Look through the entries below for the line with "在支部宣传委员张倩同志的带领" and the line with "For iPhone 13", then give again exactly those two lines and all lines between them, minus the pictures.

═══ DATA FOR PROCESSING

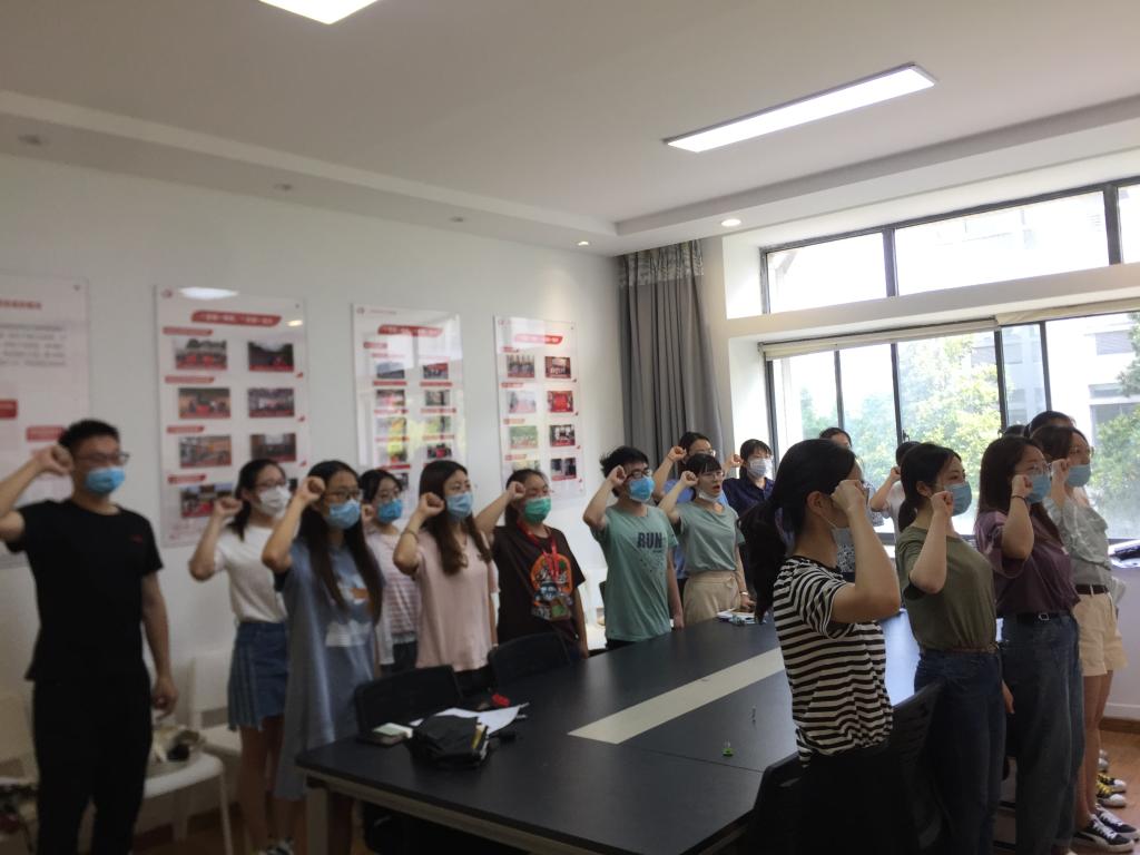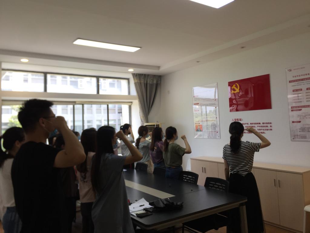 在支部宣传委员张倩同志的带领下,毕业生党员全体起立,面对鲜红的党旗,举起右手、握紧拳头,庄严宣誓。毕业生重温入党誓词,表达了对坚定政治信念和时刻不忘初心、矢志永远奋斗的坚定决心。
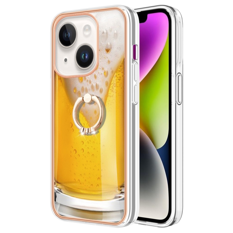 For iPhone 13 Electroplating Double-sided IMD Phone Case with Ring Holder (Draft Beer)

══════
═══ DATA FOR PROCESSING

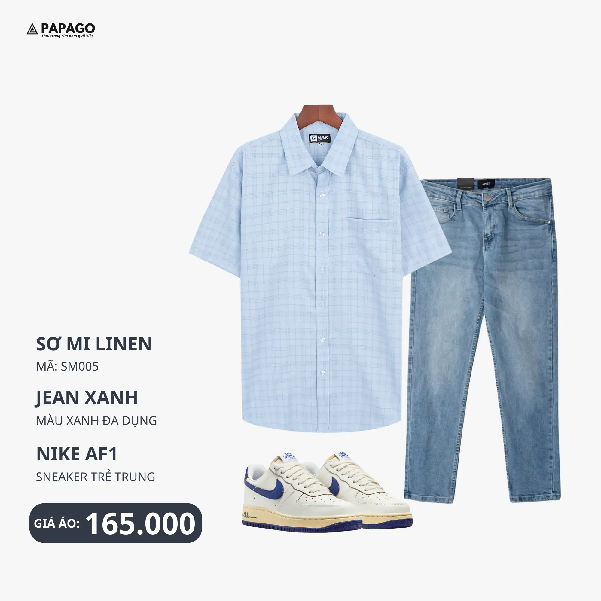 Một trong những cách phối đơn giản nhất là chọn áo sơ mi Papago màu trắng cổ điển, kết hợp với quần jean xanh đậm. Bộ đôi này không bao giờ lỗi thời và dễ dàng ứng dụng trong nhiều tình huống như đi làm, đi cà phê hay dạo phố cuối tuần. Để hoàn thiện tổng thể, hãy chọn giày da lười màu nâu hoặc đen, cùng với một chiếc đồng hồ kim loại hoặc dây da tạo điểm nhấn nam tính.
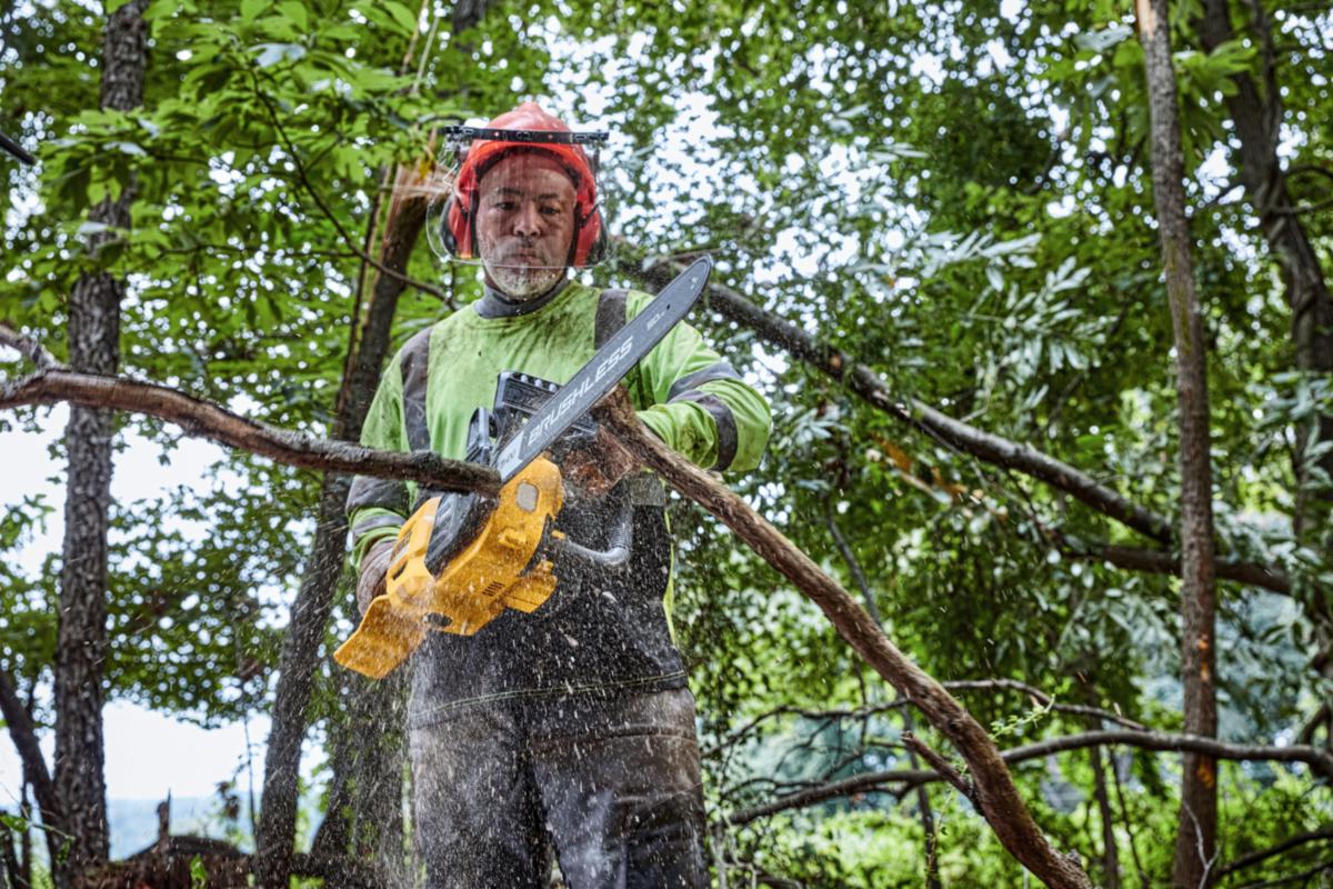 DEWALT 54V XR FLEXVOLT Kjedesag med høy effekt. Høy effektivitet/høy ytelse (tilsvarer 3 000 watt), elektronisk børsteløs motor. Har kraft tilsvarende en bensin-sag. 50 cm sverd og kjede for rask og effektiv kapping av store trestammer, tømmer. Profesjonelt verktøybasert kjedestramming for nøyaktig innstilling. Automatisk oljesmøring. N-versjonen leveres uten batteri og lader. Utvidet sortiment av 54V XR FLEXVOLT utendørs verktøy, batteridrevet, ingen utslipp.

══════

- _REPLY_
 在支部宣传委员张倩同志的带领下,毕业生党员全体起立,面对鲜红的党旗,举起右手、握紧拳头,庄严宣誓。毕业生重温入党誓词,表达了对坚定政治信念和时刻不忘初心、矢志永远奋斗的坚定决心。
 For iPhone 13 Electroplating Double-sided IMD Phone Case with Ring Holder (Draft Beer)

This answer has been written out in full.